In what represents a major advance in mind-controlled prosthetics for amputees, biomedical researchers at the University of Michigan have tapped faint, latent signals from arm nerves and amplified them to carry out real-time, intuitive control of the fingers on a robotic hand.
To do this, the researchers had to develop a way to safely harness nerve endings, separate thick nerve bundles into smaller fibers that provide more precise control and amplify the signals coming through those nerves. The approach involves tiny muscle grafts and machine learning algorithms borrowed from the brain-machine interface field.
Intuitive prosthetic control works on the first try.
“You can make a prosthetic hand do a lot of things, but that doesn’t mean the person is intuitively controlling it. The difference is when it works on the first try just by thinking about it, and that’s what our approach offers,” said Cindy Chestek, a professor of biomedical engineering. “This worked the very first time we tried it. There’s no learning for the participants. All of the learning happens in our algorithms. That’s different from other approaches.”

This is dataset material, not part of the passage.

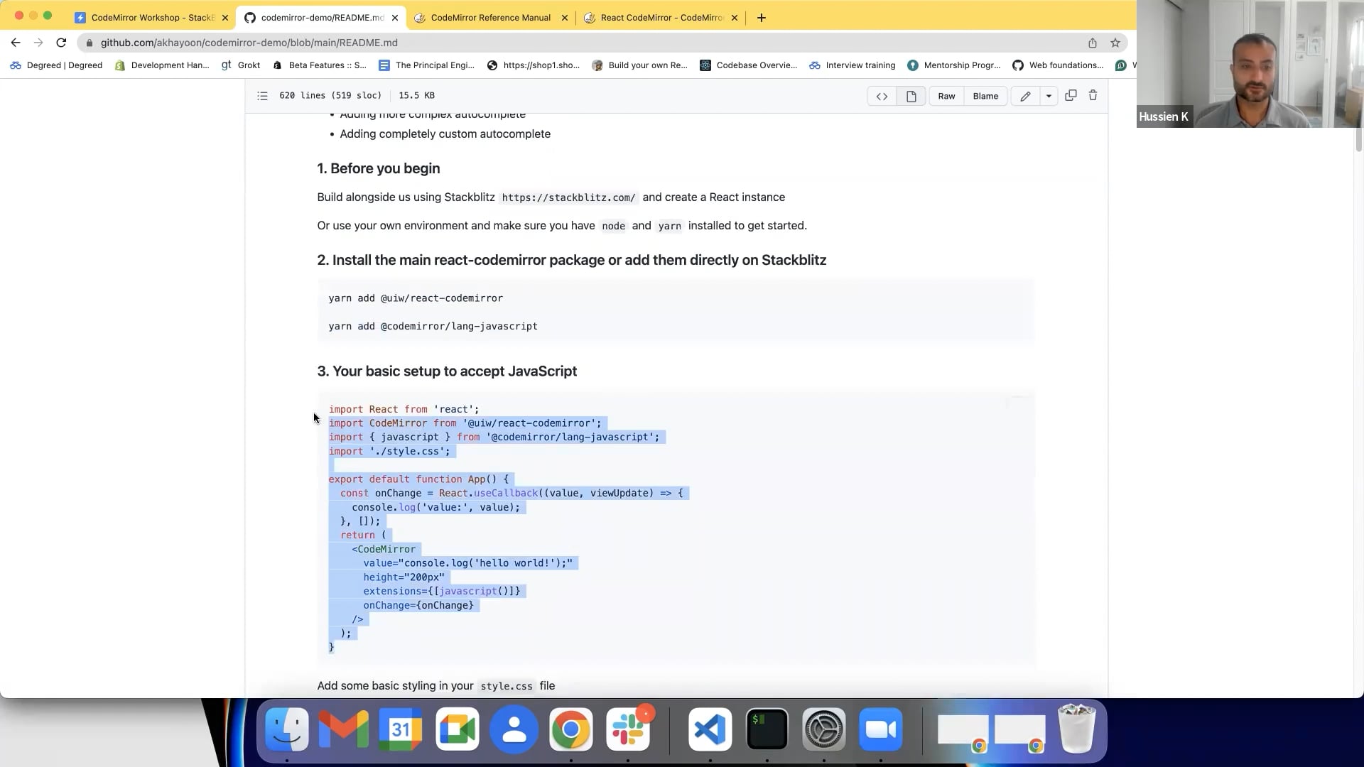 En esta masterclass, discutiremos todos estos puntos finos mientras pasamos por un ejemplo general de construcción de un editor de código usando CodeMirror en React. Todo mientras compartimos algunas de las sutilezas que nuestro equipo aprendió sobre el uso de esta biblioteca y algunos problemas que encontramos.

Participants in the study could pick up blocks with a pincer grasp; move their thumb in a continuous motion, rather than have to choose from two positions; lift spherically shaped objects; and even play in a version of Rock, Paper, Scissors called Rock, Paper, Pliers.
“It’s like you have a hand again,” said study participant Joe Hamilton, who lost his arm in a fireworks accident in 2013. “You can pretty much do anything you can do with a real hand with that hand. It brings you back to a sense of normalcy.”

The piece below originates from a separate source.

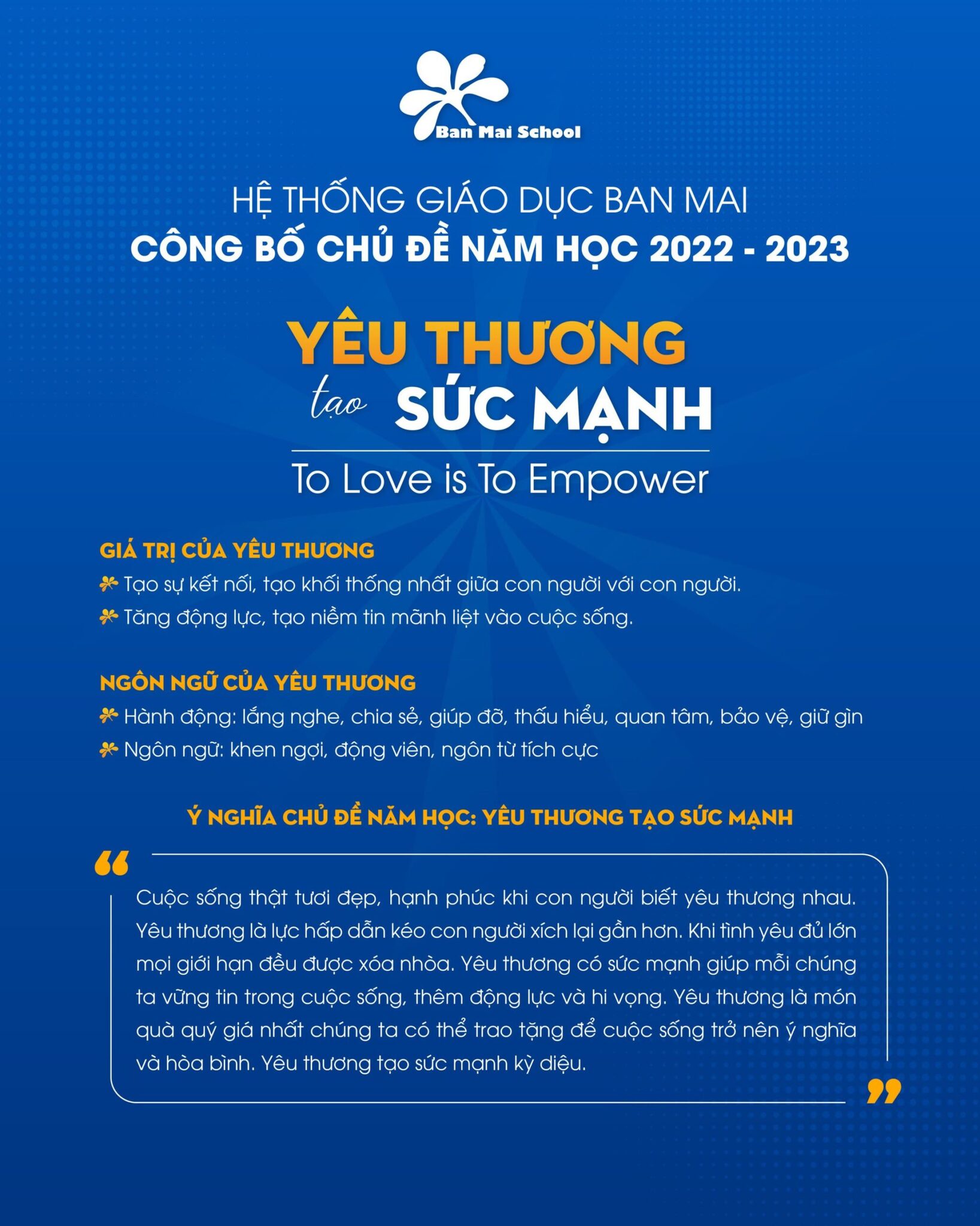 “Yêu thương tạo sức mạnh” (To Love is To Empower) là chủ đề năm học mới 2022- 2023 của Hệ thống Giáo dục Ban Mai.

One of the biggest challenges in mind-controlled prosthetics is using a strong and stable nerve signal to feed the bionic limb. Some research groups, those working in the brain-machine interface field, go to the primary source: the brain. This is necessary when working with people who are paralyzed. But it’s invasive and high-risk.

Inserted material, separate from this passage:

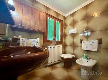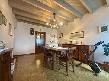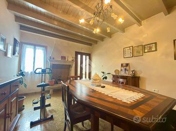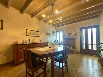 Soluzione semi-indipendente disposta su due livelli fuori terra. Al piano terra troviamo un ampio ingresso che conduce alla cucina, un secondo ambiente cucina, soggiorno, ripostiglio e due bagni. Al primo piano si sviluppa la zona notte composta da tre camere da letto e un ulteriore ripostiglio. Completano la proprietà una legnaia con cantina, due ripostigli esterni, un bagno di servizio, posto auto e ampio giardino privato.

For amputees, the peripheral nerves—the network of nerves that fan out from the brain and spinal cord—have yet to be used for several tasks. The signals they carry are small. Most ways of picking up those signals involved electrodes that tap into the nerves by force. These “nails in nerves,” as researchers sometimes call the invasive electrodes, lead to scar tissue on the nerve, which muddles the already faint signal over time.
The UM team came up with a better way. They wrapped tiny muscle grafts around nerve endings in the participants’ arms. These regenerative peripheral nerve interfaces offer severed nerves new tissue to latch on to. This prevents the growth of nerve masses called neuromas that lead to phantom limb pain. It also gives the nerves a boost, as the muscle grafts amplify the nerve signals. In an early experiment, two patients had electrodes implanted in their muscle grafts, and the electrodes could record the nerve signals and pass them to a prosthetic hand in real time.
“To my knowledge, we’ve gotten the largest voltage recorded from a nerve compared to all previous results,” Chestek said. “In previous approaches, you might get 5 microvolts or 50 microvolts—very, very small signals. We’ve seen the first ever millivolt signals.
“So now we can access the signals associated with individual thumb movement, multi-degrees-of-freedom thumb movement, and control of individual fingers. This opens whole new world for people who are upper limb prosthesis users.”
And their interface has already lasted years. Others degrade within months due to scar tissue.
The findings also open up new possibilities for the field, says Chestek, whose expertise is in real-time machine learning algorithms that translate neural signals into movement intent.
“What we found is that nerve signals are good enough to apply the whole world of methods we learned in brain control algorithms to nerve control,” she says.
The approach also generates signals for finer movements than what today’s prosthetic hands are capable of.